*Work to complete:* Write out again only the lines between the one with "3、语音交友:拥有多样语音玩法,无论是聊天还是唱歌,欢乐都不会间断。" and the end of the records below, both ends counted, and don't include the pictures.

[Data extracted from a collection]
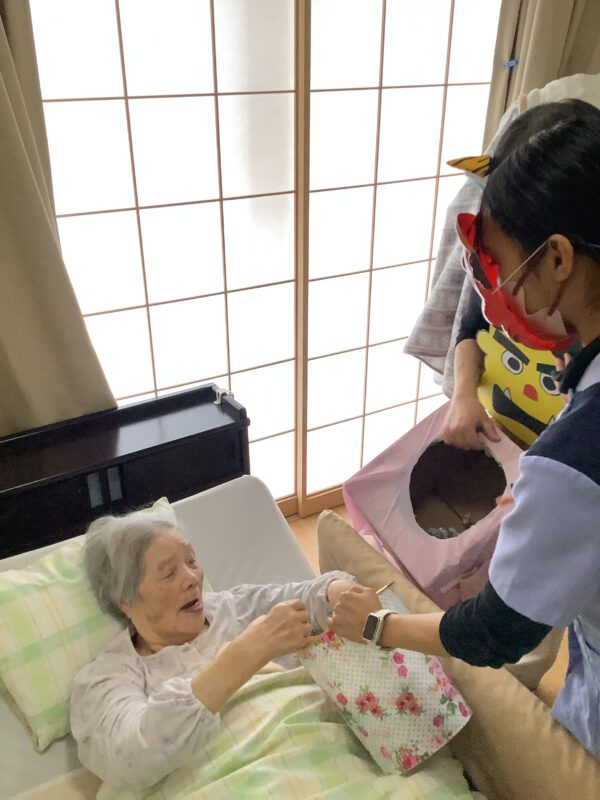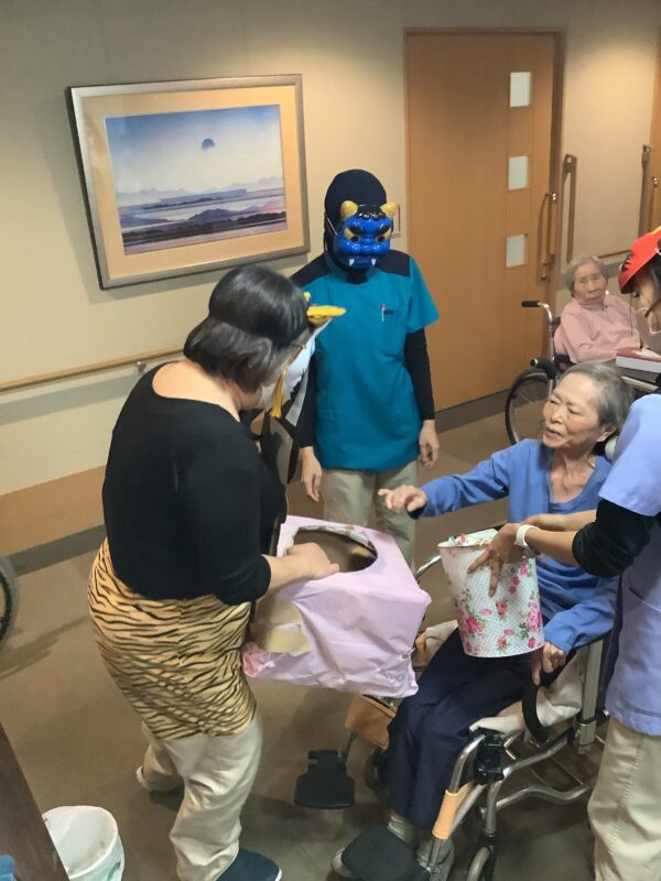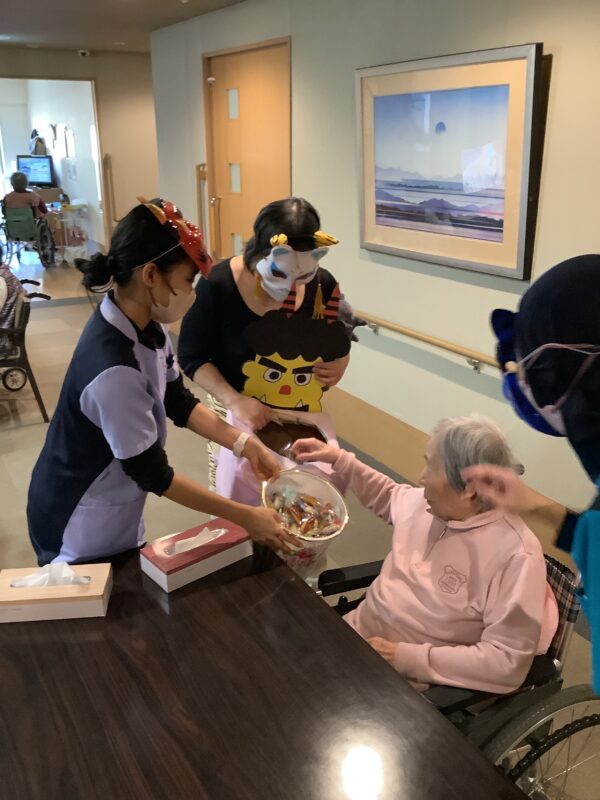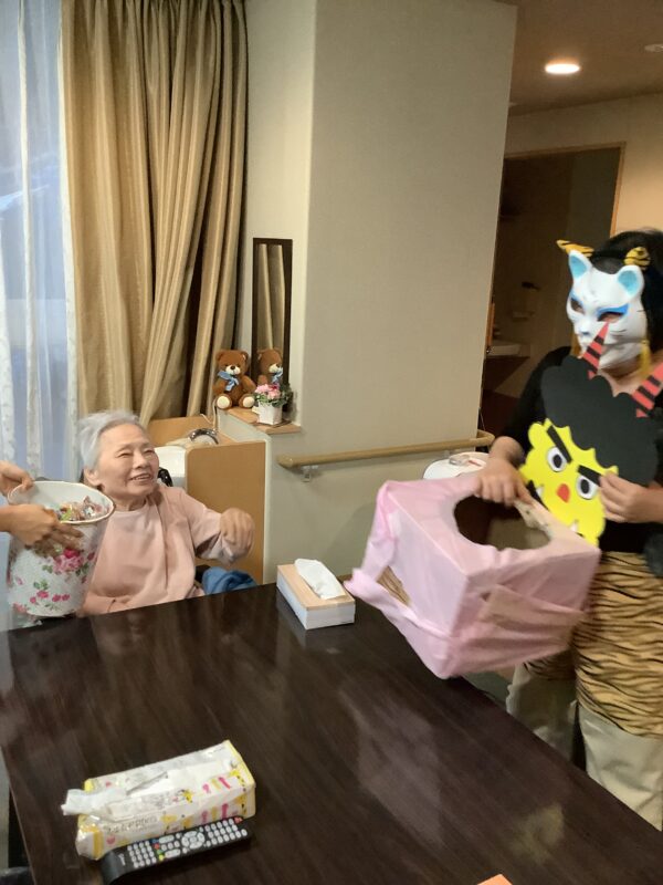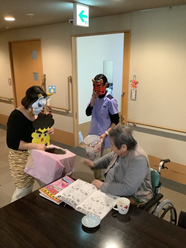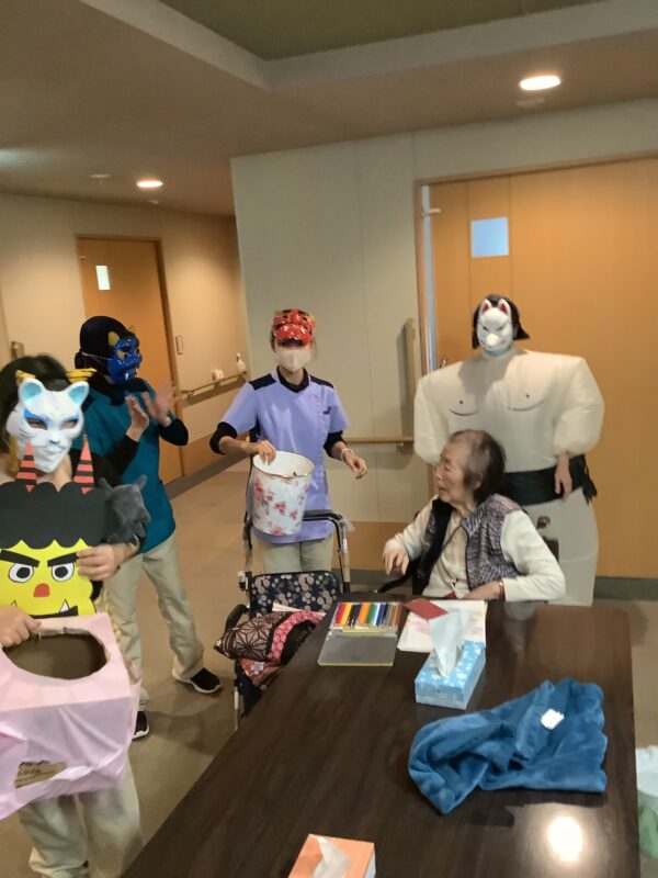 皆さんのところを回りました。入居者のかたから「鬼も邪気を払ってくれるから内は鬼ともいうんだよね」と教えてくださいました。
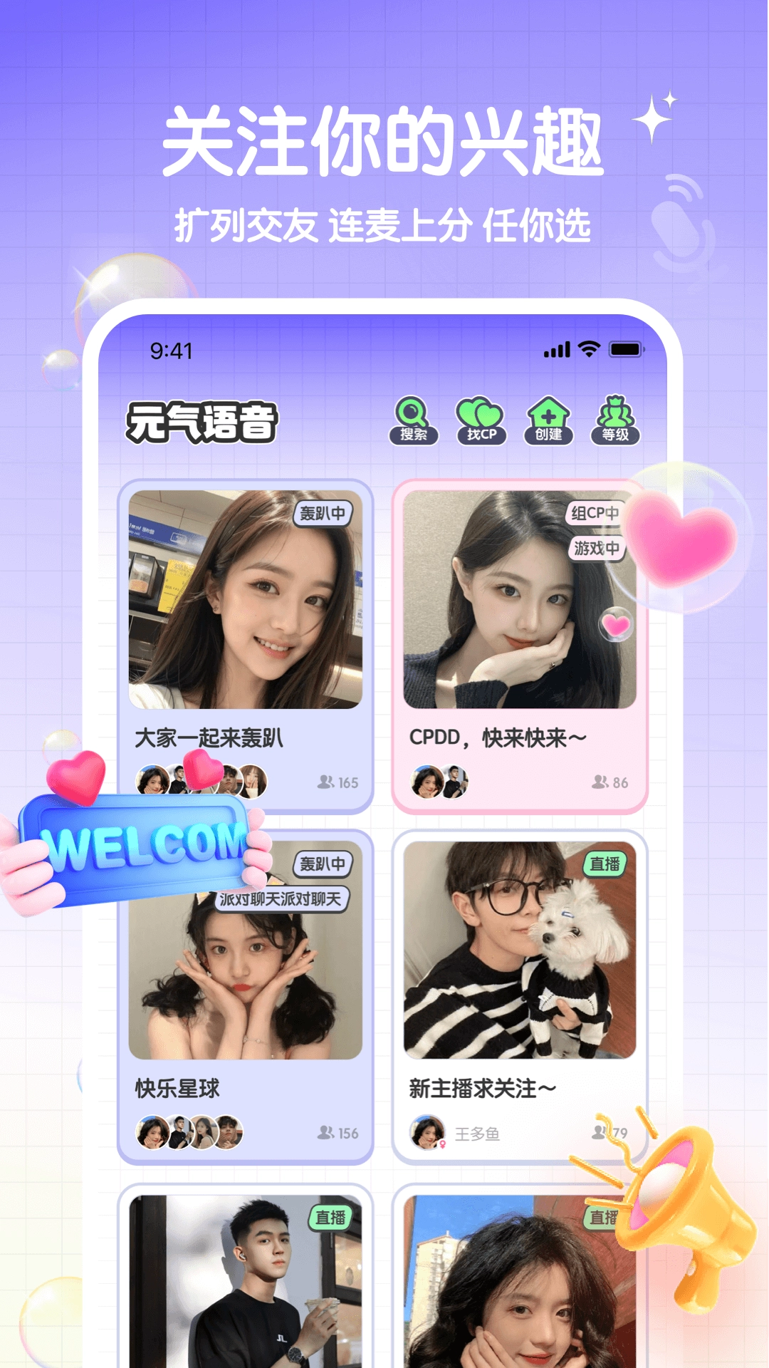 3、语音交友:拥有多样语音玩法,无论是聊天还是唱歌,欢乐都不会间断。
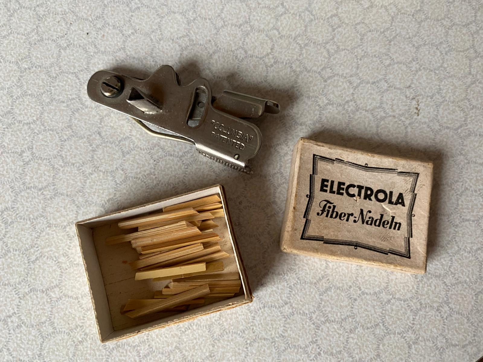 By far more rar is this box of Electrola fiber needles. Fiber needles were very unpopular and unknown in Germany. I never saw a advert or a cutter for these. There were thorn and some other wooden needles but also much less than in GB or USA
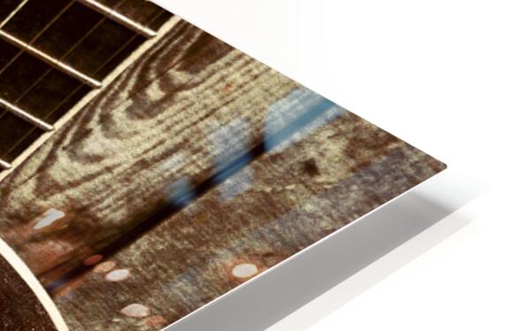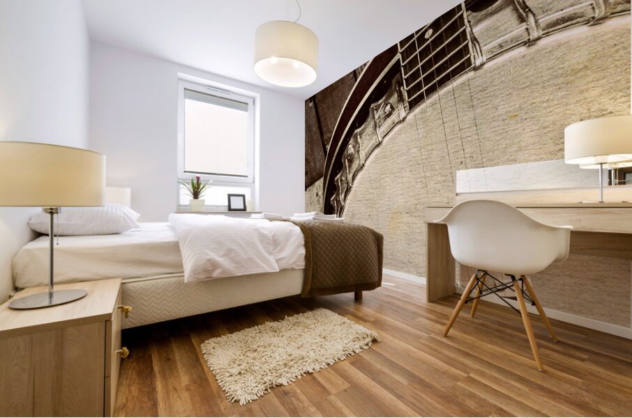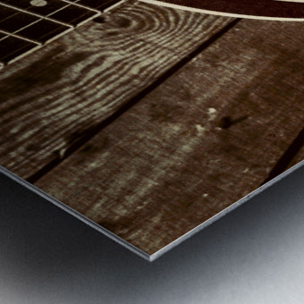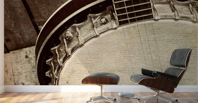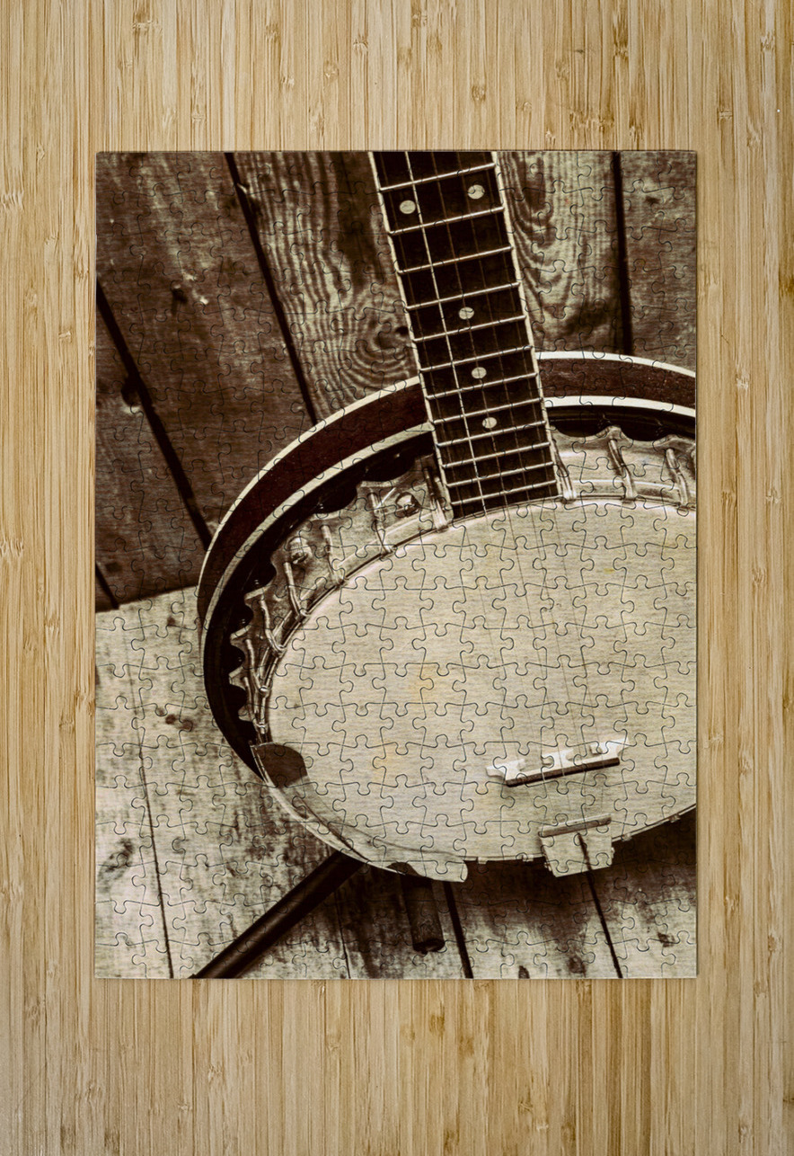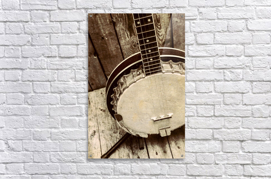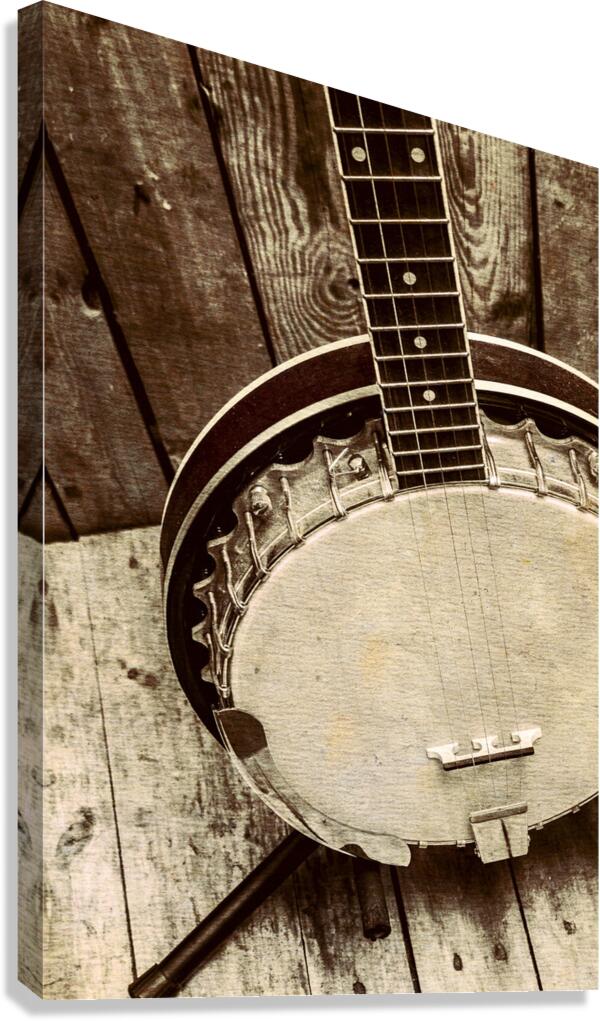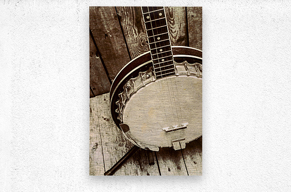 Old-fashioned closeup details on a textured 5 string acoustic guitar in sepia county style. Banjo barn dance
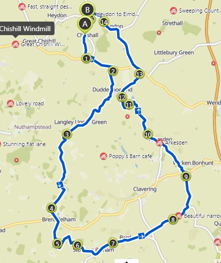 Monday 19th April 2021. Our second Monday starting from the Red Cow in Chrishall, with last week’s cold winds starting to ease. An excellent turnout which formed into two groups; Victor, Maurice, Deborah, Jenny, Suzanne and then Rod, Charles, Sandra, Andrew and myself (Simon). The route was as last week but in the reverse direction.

*Output for this task:*
 3、语音交友:拥有多样语音玩法,无论是聊天还是唱歌,欢乐都不会间断。
 By far more rar is this box of Electrola fiber needles. Fiber needles were very unpopular and unknown in Germany. I never saw a advert or a cutter for these. There were thorn and some other wooden needles but also much less than in GB or USA
 Old-fashioned closeup details on a textured 5 string acoustic guitar in sepia county style. Banjo barn dance
 Monday 19th April 2021. Our second Monday starting from the Red Cow in Chrishall, with last week’s cold winds starting to ease. An excellent turnout which formed into two groups; Victor, Maurice, Deborah, Jenny, Suzanne and then Rod, Charles, Sandra, Andrew and myself (Simon). The route was as last week but in the reverse direction.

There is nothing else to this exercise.